What needs to be done: Copy out the listing that follows, exactly, without its pictures.

Provided data:

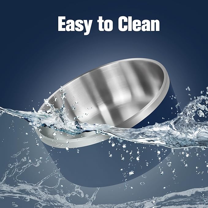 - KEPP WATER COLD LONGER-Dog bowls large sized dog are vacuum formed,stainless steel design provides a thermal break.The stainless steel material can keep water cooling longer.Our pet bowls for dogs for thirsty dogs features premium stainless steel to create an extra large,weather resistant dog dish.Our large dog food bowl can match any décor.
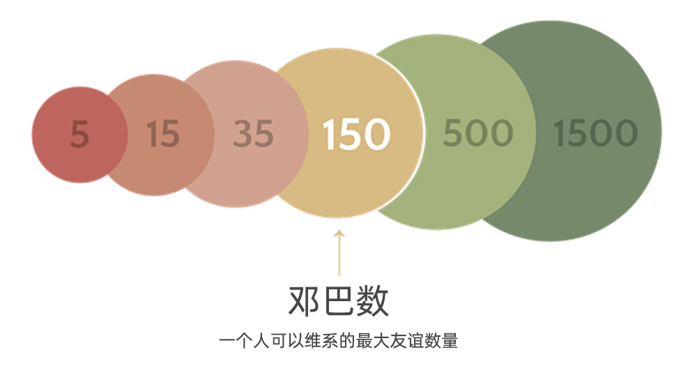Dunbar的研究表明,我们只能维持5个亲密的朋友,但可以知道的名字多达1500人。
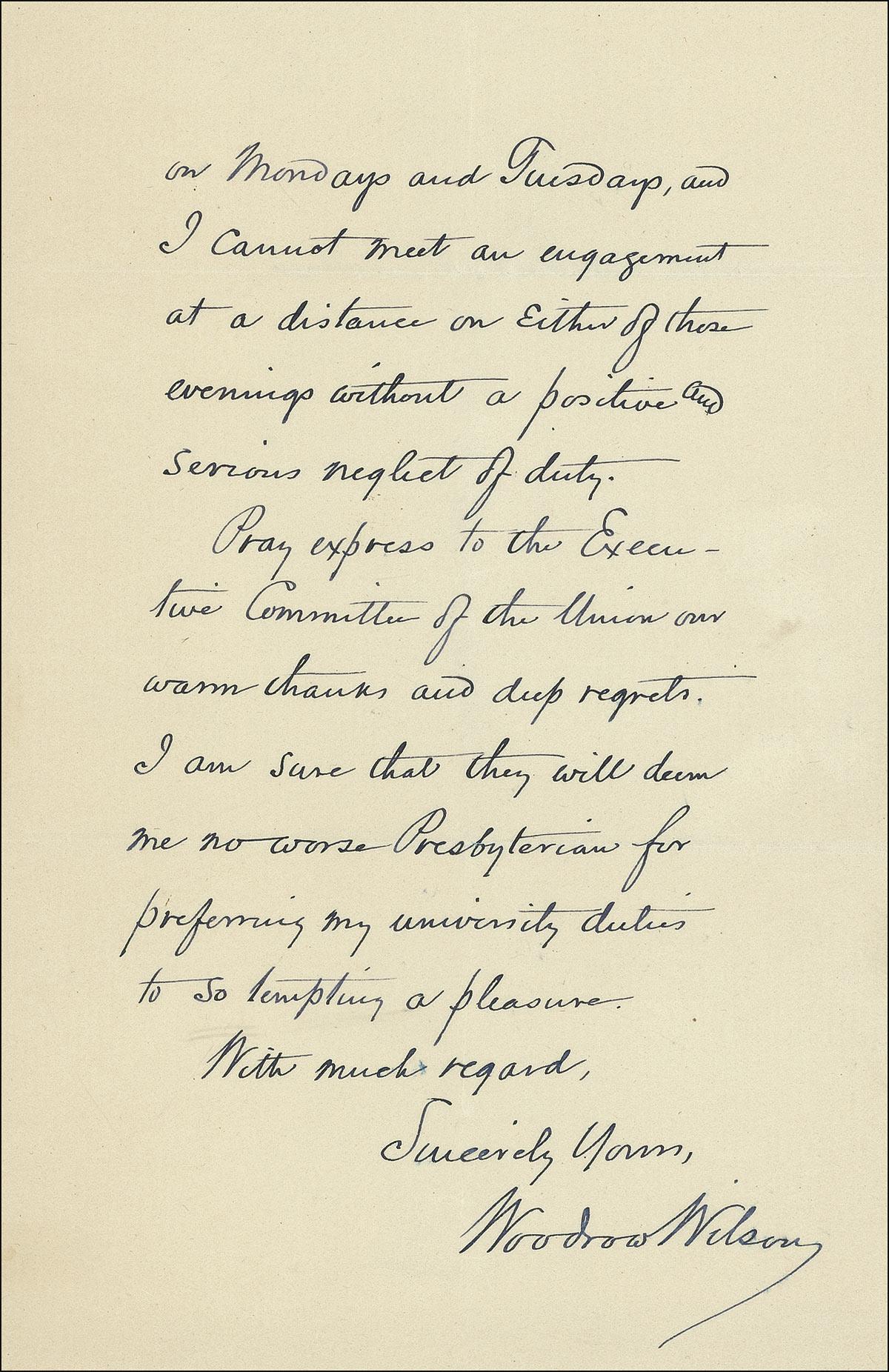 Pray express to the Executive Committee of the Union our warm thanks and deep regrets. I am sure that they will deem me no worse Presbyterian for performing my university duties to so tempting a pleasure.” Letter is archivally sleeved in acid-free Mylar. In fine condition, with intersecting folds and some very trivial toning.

Written reply:
 - KEPP WATER COLD LONGER-Dog bowls large sized dog are vacuum formed,stainless steel design provides a thermal break.The stainless steel material can keep water cooling longer.Our pet bowls for dogs for thirsty dogs features premium stainless steel to create an extra large,weather resistant dog dish.Our large dog food bowl can match any décor.
Dunbar的研究表明,我们只能维持5个亲密的朋友,但可以知道的名字多达1500人。
 Pray express to the Executive Committee of the Union our warm thanks and deep regrets. I am sure that they will deem me no worse Presbyterian for performing my university duties to so tempting a pleasure.” Letter is archivally sleeved in acid-free Mylar. In fine condition, with intersecting folds and some very trivial toning.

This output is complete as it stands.